Original Article Source: http://www.computer.org/portal/web/computingnow/internet40/login8



A Revolution 40 Years in the Making

LEN KLEINROCK on the Origins of the Internet: "This is login"

Petrie: So you treat disconnects as a normal event?

Kleinrock: That's right. And more than that. I am interested in all the middleware to support that and give you the right environment and give you the transparent architecture. The first Nomadix product is rather interesting. You know those trade-show badges, the little plastic card with a magnetic stripe? You go to an exhibit and you swipe the card at the exhibitor booth — and the exhibitors are complaining like hell because they're only getting your name and company. So you get more sophisticated cards; there's all kinds of things like that.
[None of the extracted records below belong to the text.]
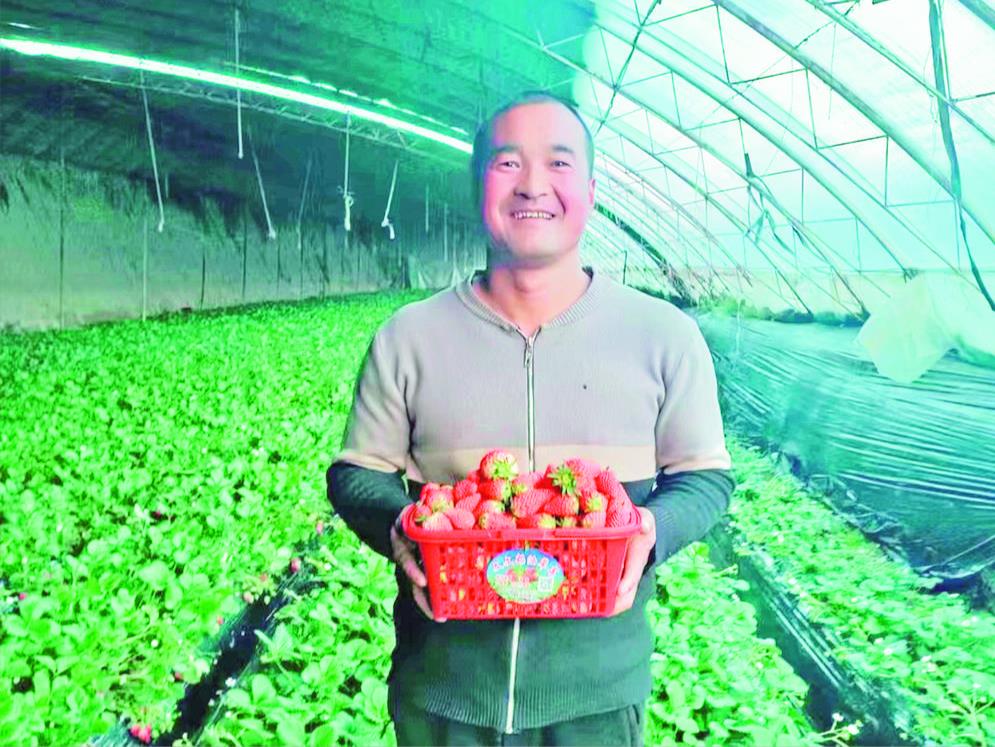 近日,記者來到合爾營村的文文草莓園,掀開大棚棉門簾,一股果香撲鼻而來。經過悉心照料,草莓長勢喜人,熟透的果子紅潤而充滿光澤。
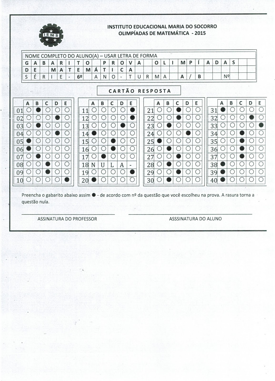Instituto Educacional Maria do Socorro OLIMPÍADAS DE MATEMÁTICA 6º AO 9º ANO
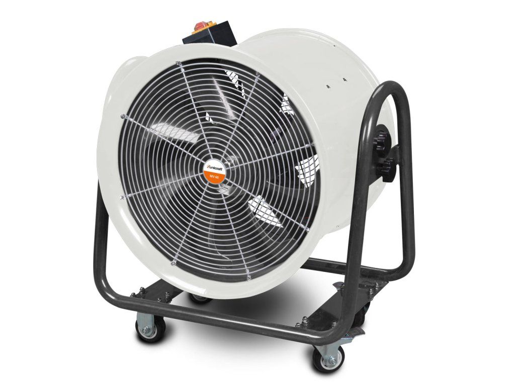 Mobilní ventilátor vhodný pro odvádění teplého vzduchu, dýmu, prachu, plynů, zápachu a jinak zatíženého vzduchu.

We have a new device which replaces the swipe card type of technology with a floppy disk and we call it the IDisk. Your name and other identification information is stored on the floppy when you register. When you go to a booth and insert your floppy disk into the exhibitor's laptop, he gets your information and gives you back information-either what he wanted to give you or what you select from a menu. It's right in his laptop, and it's a floppy disk which is cheap. You go from exhibitor to exhibitor. And what are you doing? First of all, you're going to take the trade show home on a disk-the brochures they give you and so on stored electronically on your disk. Secondly, we have been forming a Web page on your disk in the process. This stuff is in HTML format; you've got graphics on the disk and all of that. You go on the airplane and use Netscape, or any other browser, to navigate through all the information you have collected.. Now none of the links are hot because you're not connected. If you try to click on an exhibitor's logo, it'll indicate that you can't connect. But if you are online, then you're linked. You can go right to any exhibitor's page.
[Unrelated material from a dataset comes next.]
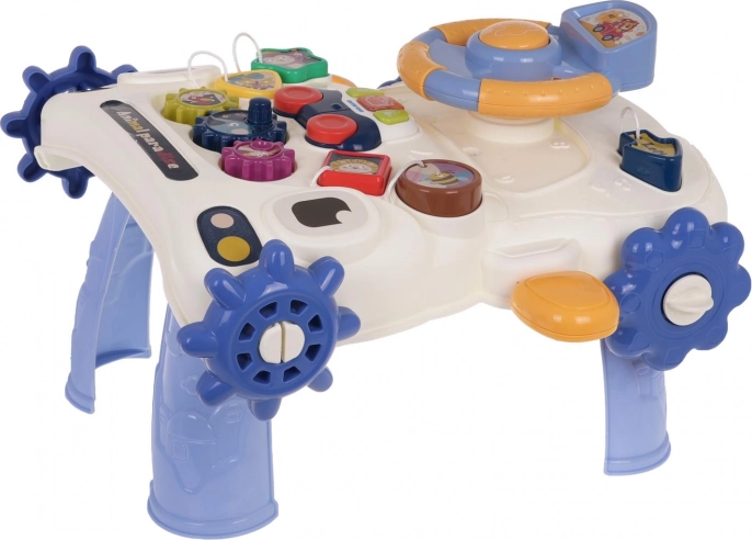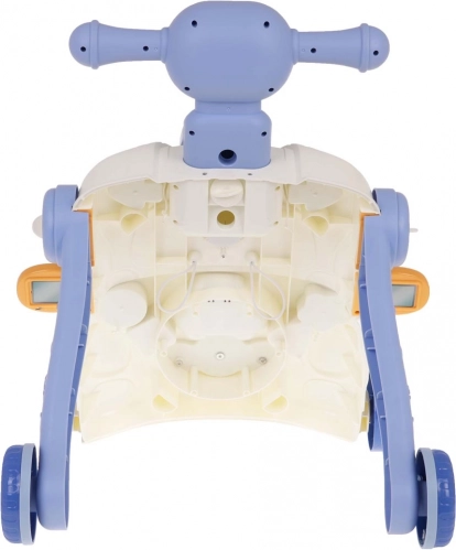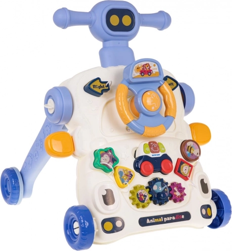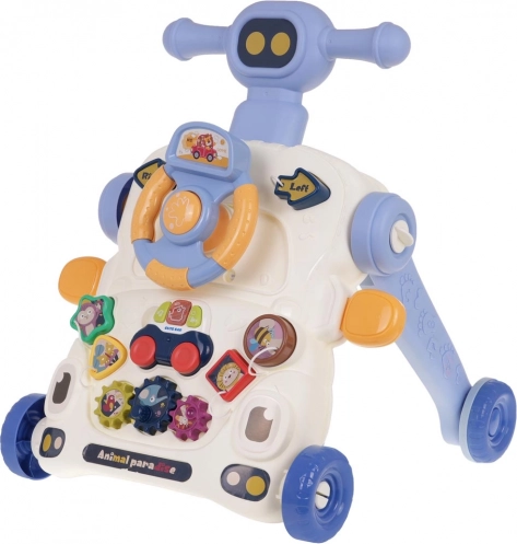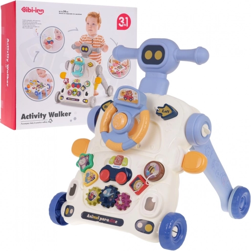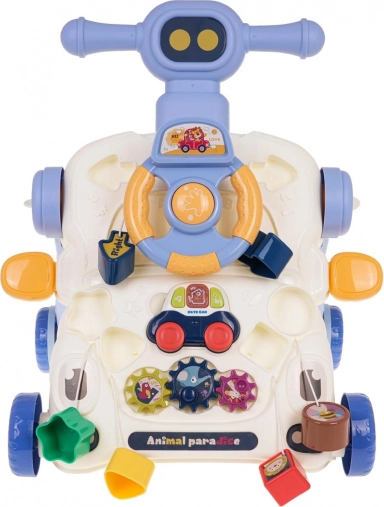 Odstranljivo interaktivno avtece prinaša svetlobne in zvočne učinke (melodije, zagon motorja, vožnja, otroški smeh, zvončki), ki motivirajo k raziskovanju. Zahvaljujoč dvostopenjsko nastavljivemu ročaju in gumijastim kolescem je gibanje gladko in varno. Pretvorba v mizico je hitra in preprosta – idealno za igro v sedečem položaju.

Petrie: But the local internal links are alive?

Kleinrock: Absolutely, and that's one of its really attractive features. We refer to the page on your disk as the MobileWeb. So that's our product. We've used it, for example, at the ATM Year 96 conference. It was a big hit. And it's in the process of rolling out as we speak.
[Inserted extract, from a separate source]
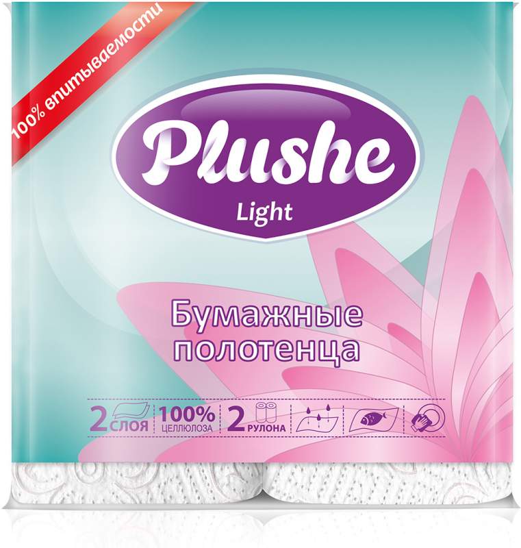 Полотенца бумажные Plushe Light, 2 рул.10м 2 слоя, белый, 12 в упак.

Petrie: Yeah. It's like replacing key punches, isn't it? Matter of fact, IBM got rich doing that.

Kleinrock: Yes. The nice thing is that we can interoperate with any of the existing registration systems that produce magnetic stripe badges or any machine-readable badges. Either at the registration site, you can swipe your badge and out comes our floppy disk, or you could do swipe it at an exhibitor station and get your floppy disk there. And then when you go the next booth, you've got it.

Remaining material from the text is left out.